This exercise calls for all the entries that follow to be set down exactly, without their images.
+-------+
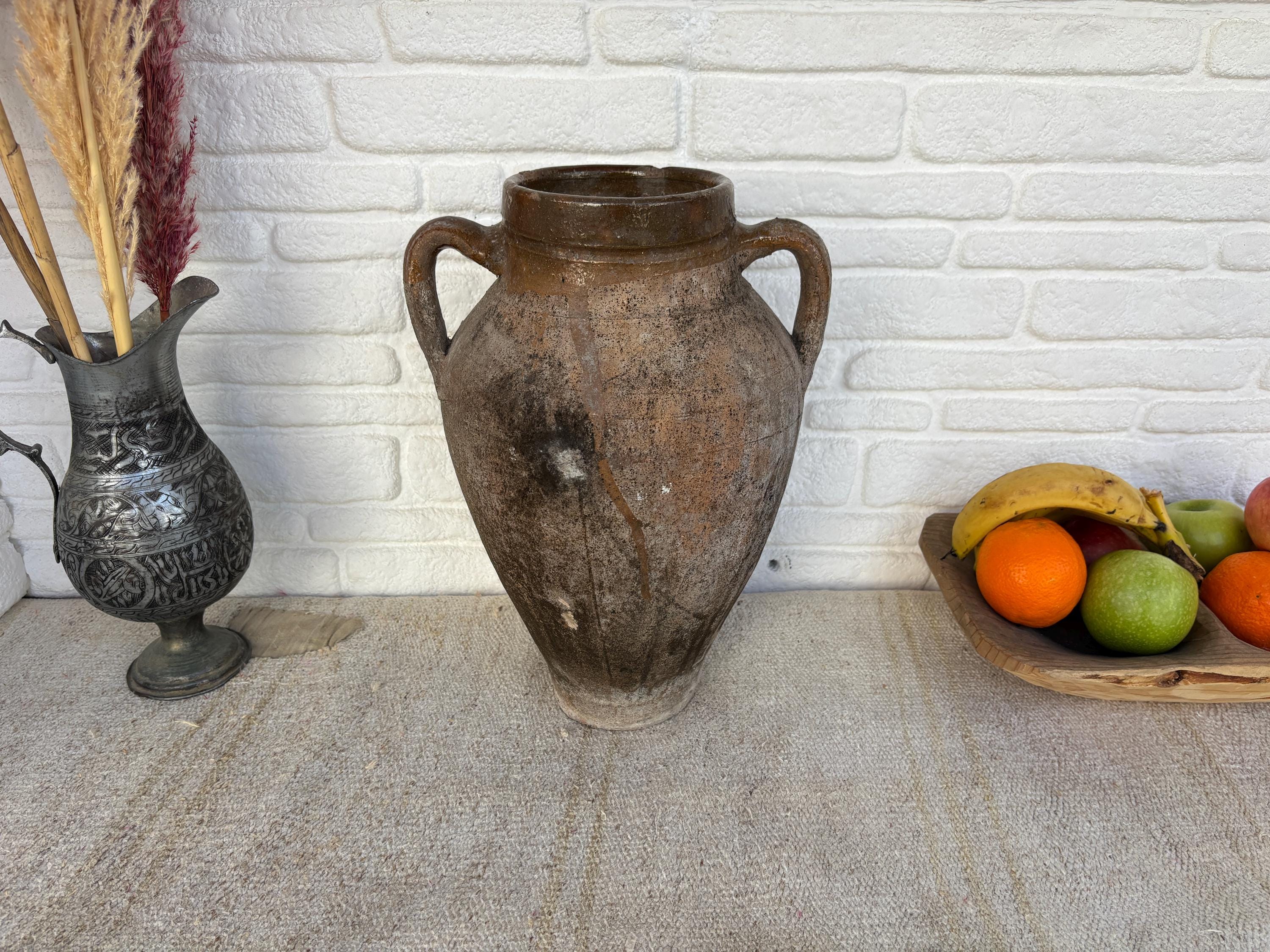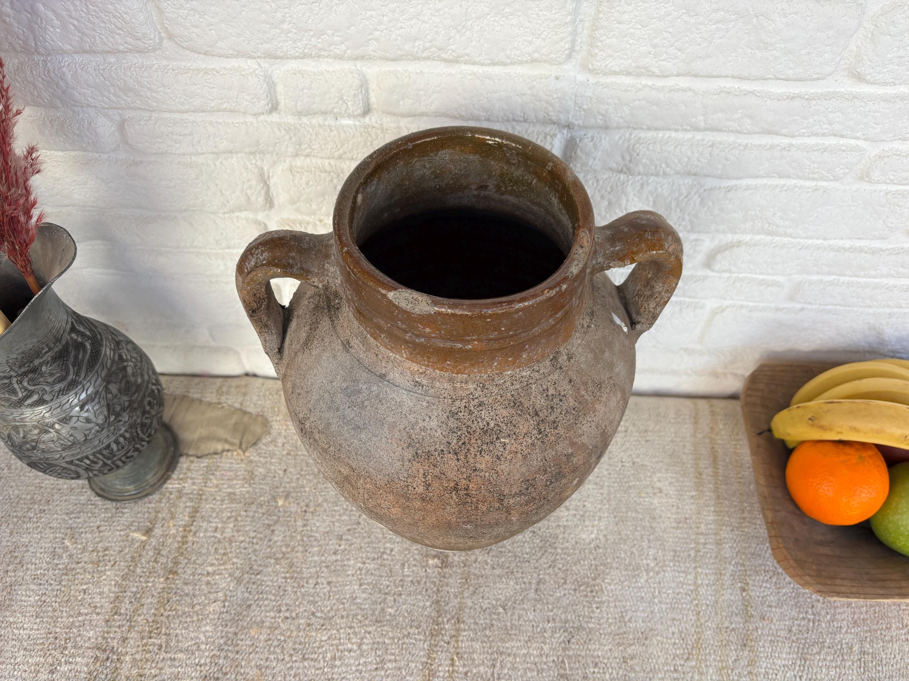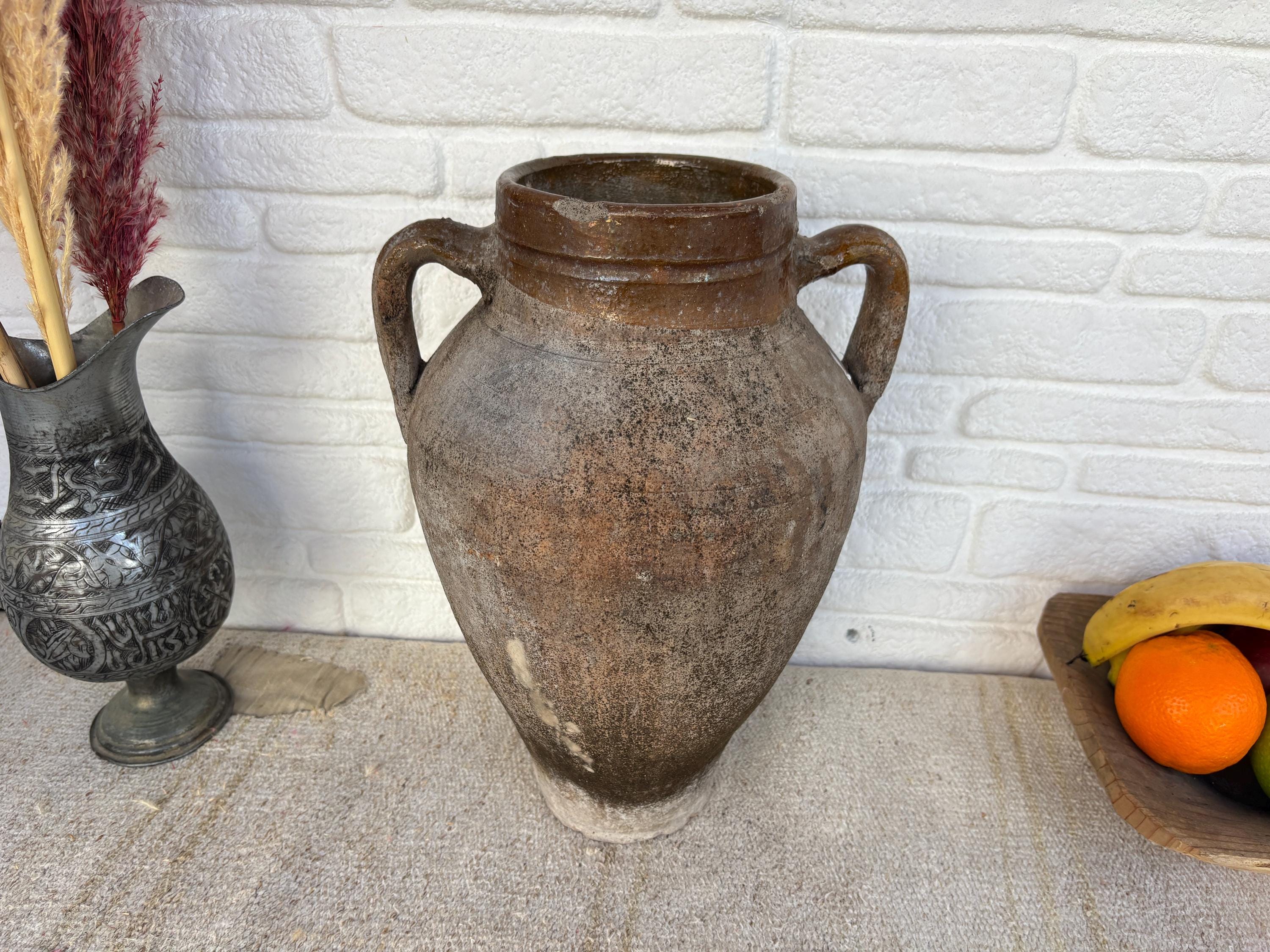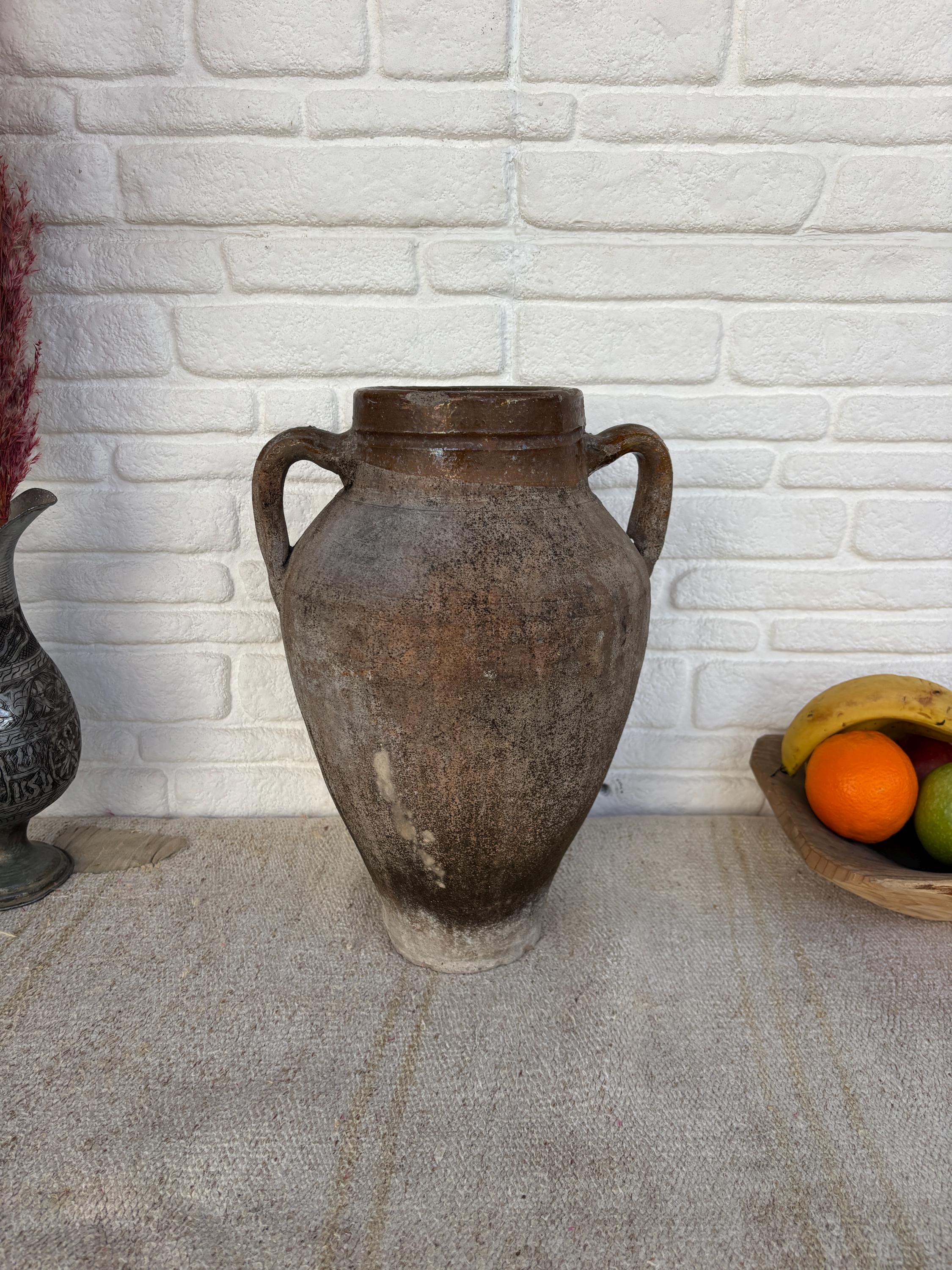 This authentic vintage Turkish clay pot is a unique piece of Anatolian heritage, collected directly from rural villages in Turkey.
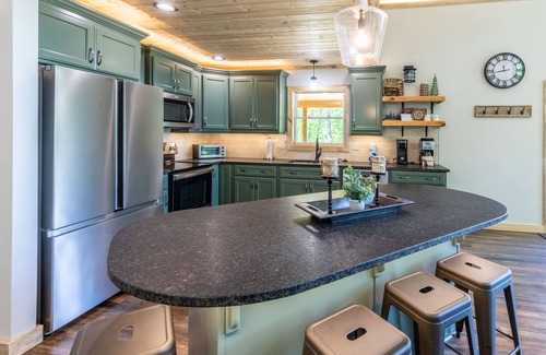 This Bryson City Cabin rental offers breathtaking mountain views and seclusion. With its three bedrooms, two bathrooms, and the ability to sleep up to seven guests, it’s an ideal spot for a family vacation or a getaway with friends. The cabin’s bright and cheerful interior, complete with a living room that boasts cathedral ceilings and floor-to-ceiling windows, offers a comfortable and inviting space. The large flat-screen TV and gas fireplace add to the cozy atmosphere. The fully-stocked kitchen is perfect for preparing meals, and the coffee bar is sure to be a hit with the whole family. The main level features two comfortable bedrooms and a full bath, providing privacy and convenience.
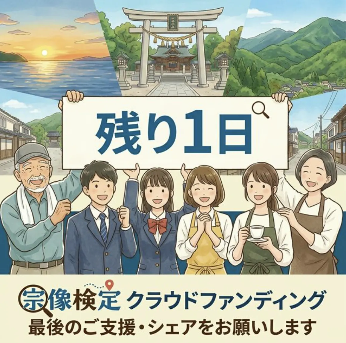 • 皆様、温かいご支援をいただき、誠にありがとうございます。宗像検定運営委員会です。おかげさまで、本日時点で262,750円・達成率87%・25名の方々にご支援をいただきました。目標の30万円まで、残り37,250円。そしてクラウドファンディング終了まで、いよいよ残り1日となりました。■ ここまで来られたのは、皆様のおかげです「宗像市民、全員出題者。」というコンセプトに共感してくださった25名の支援者の皆様、SNSでシェアしてくださった皆様、ありがとうございます。宗像経済新聞として日々地域を取材する中で、私たちが確信しているのは「市民の日常の記憶や地元愛こそが、この街の最大の財産である」ということです。この検定は、その財産を「デジタル資産」として未来へ残す取り組みです。■ 最後の24時間、お願いしたいことがありますまだ迷っている方へ「いつか支援しようと思っていた」という方、最後のタイミングです。2,000円からご支援いただけます。残り37,250円。100%達成でゴールテープを切るために、最後まで走り抜けます。どうか最後の一押しを、よろしくお願いいたします。 もっと見る
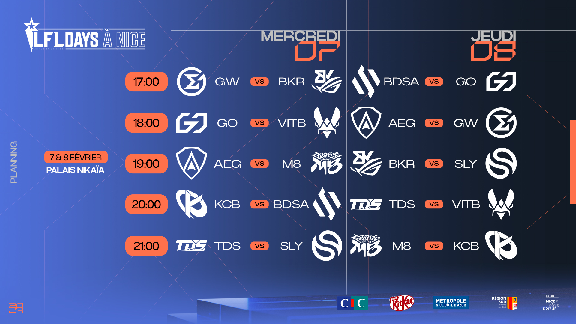 Mise à jour du 11 janv. 2024 : les organisateurs de la LFL ont procédé à l'ouverture de la billetterie pour les LFL Days de Nice prévus les 7 et 8 février, et ont également dévoilé le programme pour ces deux jours de compétition.
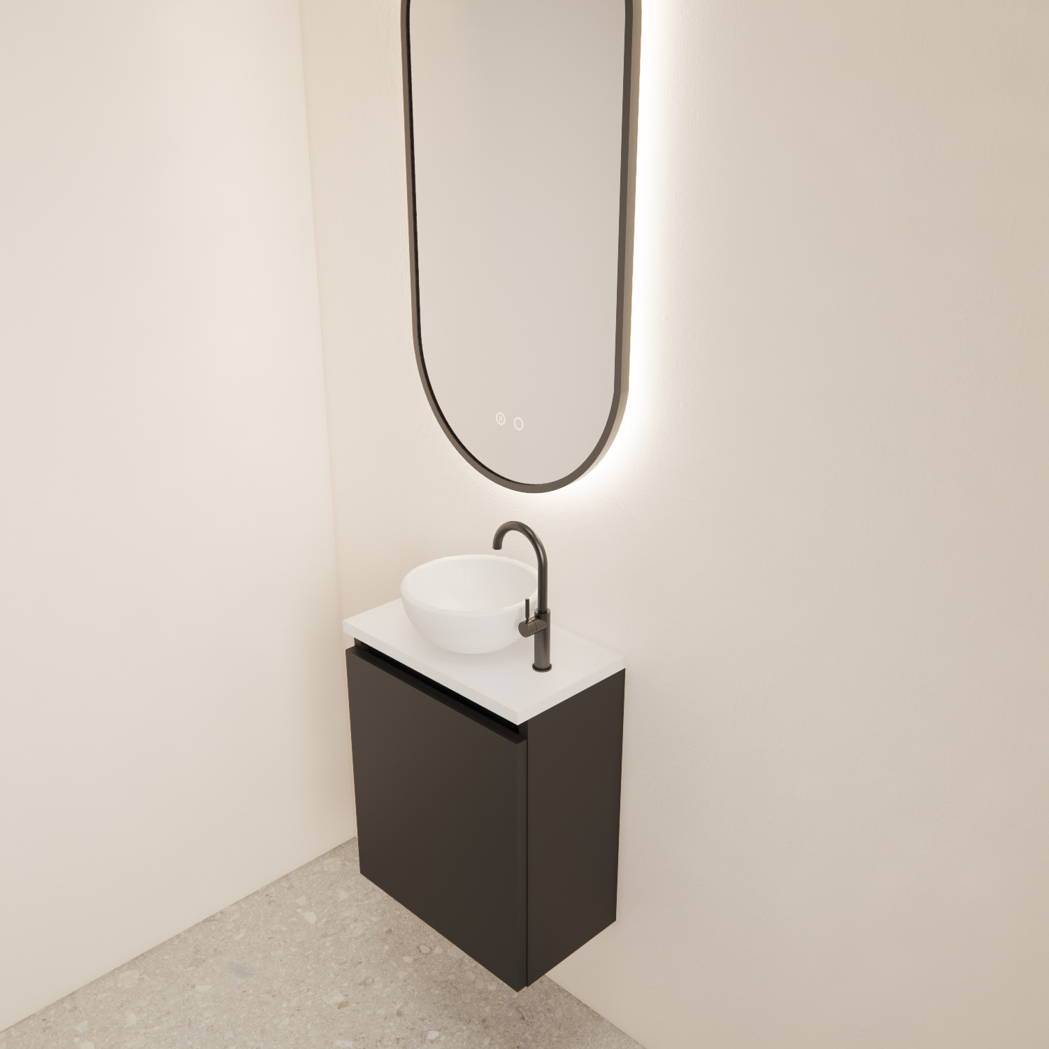De fonteinkast is voorzien van 1 deur die door middel van een softclose systeem langzaam dicht zal vallen. De fonteinkast is daarnaast ook niet voorzien van een greep, deze zit namelijk geïntegreerd in de kast. Onderaan de pagina kunt u een mini waskom bijbestellen mocht u dit willen.
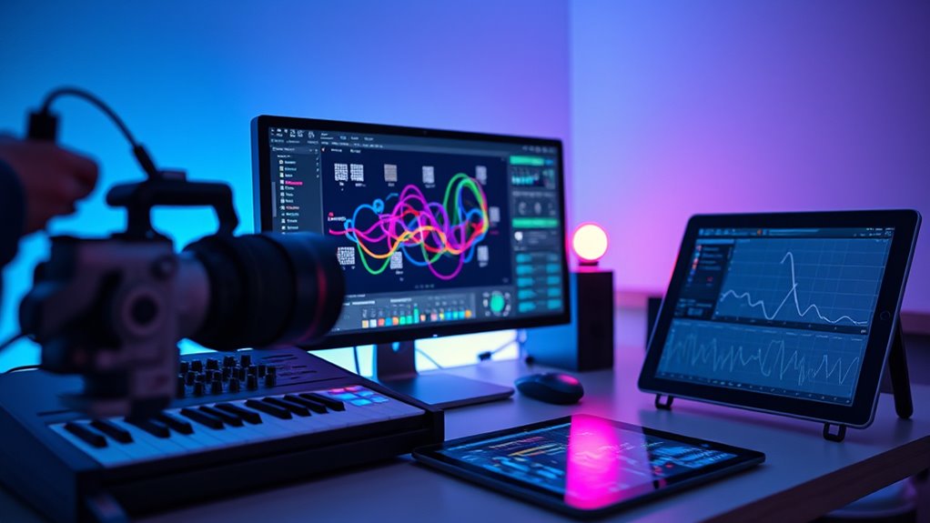 With generative AI, you can craft unique chord progressions effortlessly, boosting your creativity. Did you know that 65% of musicians say AI tools have considerably enhanced their songwriting process? Embrace these technologies to explore new harmonic landscapes and accelerate your music-making. As AI continues to evolve, your ability to innovate and experiment will only grow, making it an exciting time to plunge into AI-powered composition and open your full musical potential.
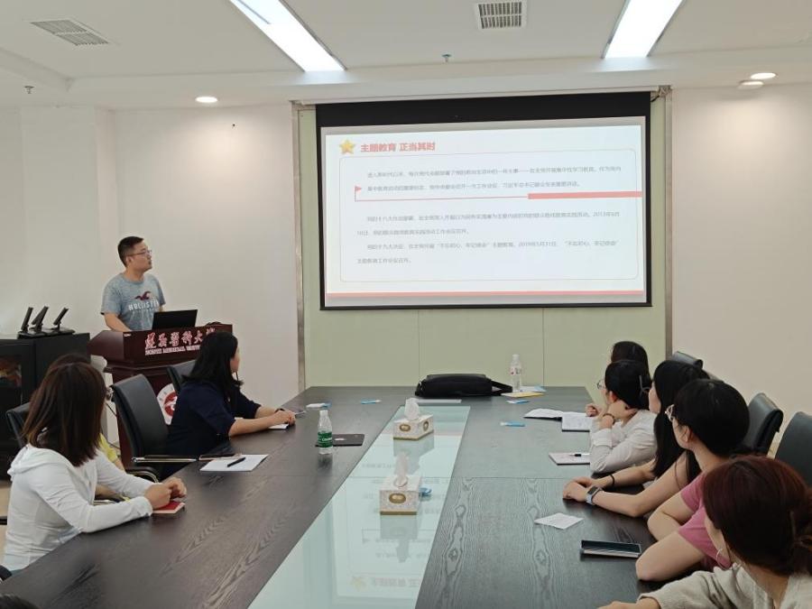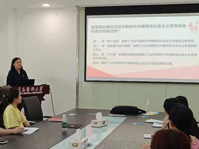 6月20日下午在科研楼504,麻醉医学院党委副书记叶栋恒围绕党章中对习近平新时代中国特色社会主义思想的定位详细解读了党章建设史和党的二十大对党章作出的修改,为党员更好理解党章的精神实质、把握党章一系列规定要求提供了参考。麻醉医学院教工党支部副书记张宇结合自身科研求学经历对开展主题教育的意义和要求,对推动党和国家事业发展,具有重要意义方面进行了深入解读。
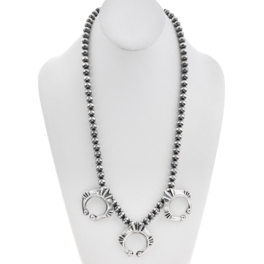 Navajo Sterling Silver Beaded Naja Necklace-25” long
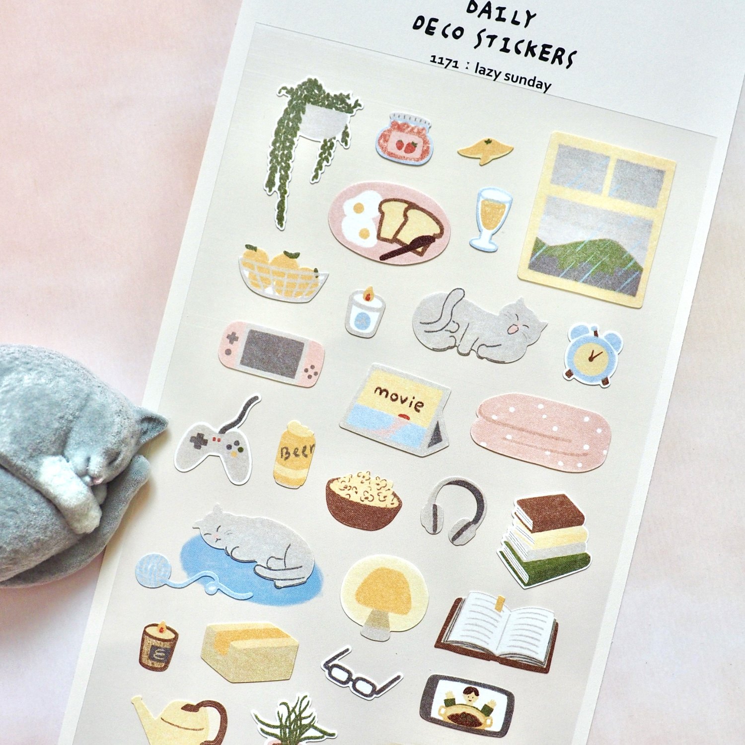 韩国suatelier 慵懒周末 女生宅家吸猫看书做菜手账diy装饰贴纸画
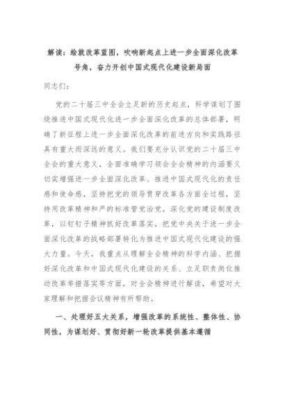 【七哥公文】2024年:解读:绘就改革蓝图,吹响新起点上进一步全面深化改革号角,奋力开创中国式现代化建设新局面+更多免费公文+VX:QiGeGongWen2024
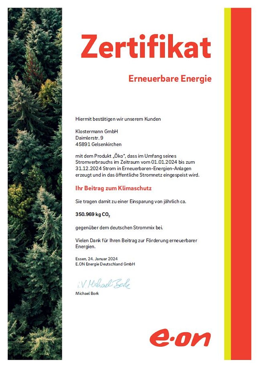 Auch 2025 nutzen wir ausschließlich Strom aus erneuerbaren Energien. 100% ÖKOSTROM ist unser Beitrag für den Klimaschutz durch Einsparung von über 350 Tonnen CO2 pro Jahr.
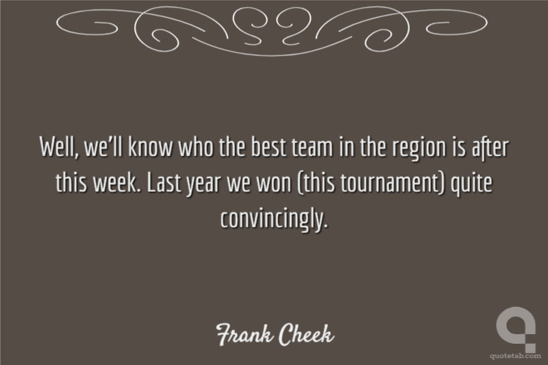 Well, we'll know who the best team in the region is after this week. Last year we won (this tournament) quite convincingly.
+-------+
**TASK RESULT**
 This authentic vintage Turkish clay pot is a unique piece of Anatolian heritage, collected directly from rural villages in Turkey.
 This Bryson City Cabin rental offers breathtaking mountain views and seclusion. With its three bedrooms, two bathrooms, and the ability to sleep up to seven guests, it’s an ideal spot for a family vacation or a getaway with friends. The cabin’s bright and cheerful interior, complete with a living room that boasts cathedral ceilings and floor-to-ceiling windows, offers a comfortable and inviting space. The large flat-screen TV and gas fireplace add to the cozy atmosphere. The fully-stocked kitchen is perfect for preparing meals, and the coffee bar is sure to be a hit with the whole family. The main level features two comfortable bedrooms and a full bath, providing privacy and convenience.
 • 皆様、温かいご支援をいただき、誠にありがとうございます。宗像検定運営委員会です。おかげさまで、本日時点で262,750円・達成率87%・25名の方々にご支援をいただきました。目標の30万円まで、残り37,250円。そしてクラウドファンディング終了まで、いよいよ残り1日となりました。■ ここまで来られたのは、皆様のおかげです「宗像市民、全員出題者。」というコンセプトに共感してくださった25名の支援者の皆様、SNSでシェアしてくださった皆様、ありがとうございます。宗像経済新聞として日々地域を取材する中で、私たちが確信しているのは「市民の日常の記憶や地元愛こそが、この街の最大の財産である」ということです。この検定は、その財産を「デジタル資産」として未来へ残す取り組みです。■ 最後の24時間、お願いしたいことがありますまだ迷っている方へ「いつか支援しようと思っていた」という方、最後のタイミングです。2,000円からご支援いただけます。残り37,250円。100%達成でゴールテープを切るために、最後まで走り抜けます。どうか最後の一押しを、よろしくお願いいたします。 もっと見る
 Mise à jour du 11 janv. 2024 : les organisateurs de la LFL ont procédé à l'ouverture de la billetterie pour les LFL Days de Nice prévus les 7 et 8 février, et ont également dévoilé le programme pour ces deux jours de compétition.
De fonteinkast is voorzien van 1 deur die door middel van een softclose systeem langzaam dicht zal vallen. De fonteinkast is daarnaast ook niet voorzien van een greep, deze zit namelijk geïntegreerd in de kast. Onderaan de pagina kunt u een mini waskom bijbestellen mocht u dit willen.
 With generative AI, you can craft unique chord progressions effortlessly, boosting your creativity. Did you know that 65% of musicians say AI tools have considerably enhanced their songwriting process? Embrace these technologies to explore new harmonic landscapes and accelerate your music-making. As AI continues to evolve, your ability to innovate and experiment will only grow, making it an exciting time to plunge into AI-powered composition and open your full musical potential.
 6月20日下午在科研楼504,麻醉医学院党委副书记叶栋恒围绕党章中对习近平新时代中国特色社会主义思想的定位详细解读了党章建设史和党的二十大对党章作出的修改,为党员更好理解党章的精神实质、把握党章一系列规定要求提供了参考。麻醉医学院教工党支部副书记张宇结合自身科研求学经历对开展主题教育的意义和要求,对推动党和国家事业发展,具有重要意义方面进行了深入解读。
 Navajo Sterling Silver Beaded Naja Necklace-25” long
 韩国suatelier 慵懒周末 女生宅家吸猫看书做菜手账diy装饰贴纸画
 【七哥公文】2024年:解读:绘就改革蓝图,吹响新起点上进一步全面深化改革号角,奋力开创中国式现代化建设新局面+更多免费公文+VX:QiGeGongWen2024
 Auch 2025 nutzen wir ausschließlich Strom aus erneuerbaren Energien. 100% ÖKOSTROM ist unser Beitrag für den Klimaschutz durch Einsparung von über 350 Tonnen CO2 pro Jahr.
 Well, we'll know who the best team in the region is after this week. Last year we won (this tournament) quite convincingly.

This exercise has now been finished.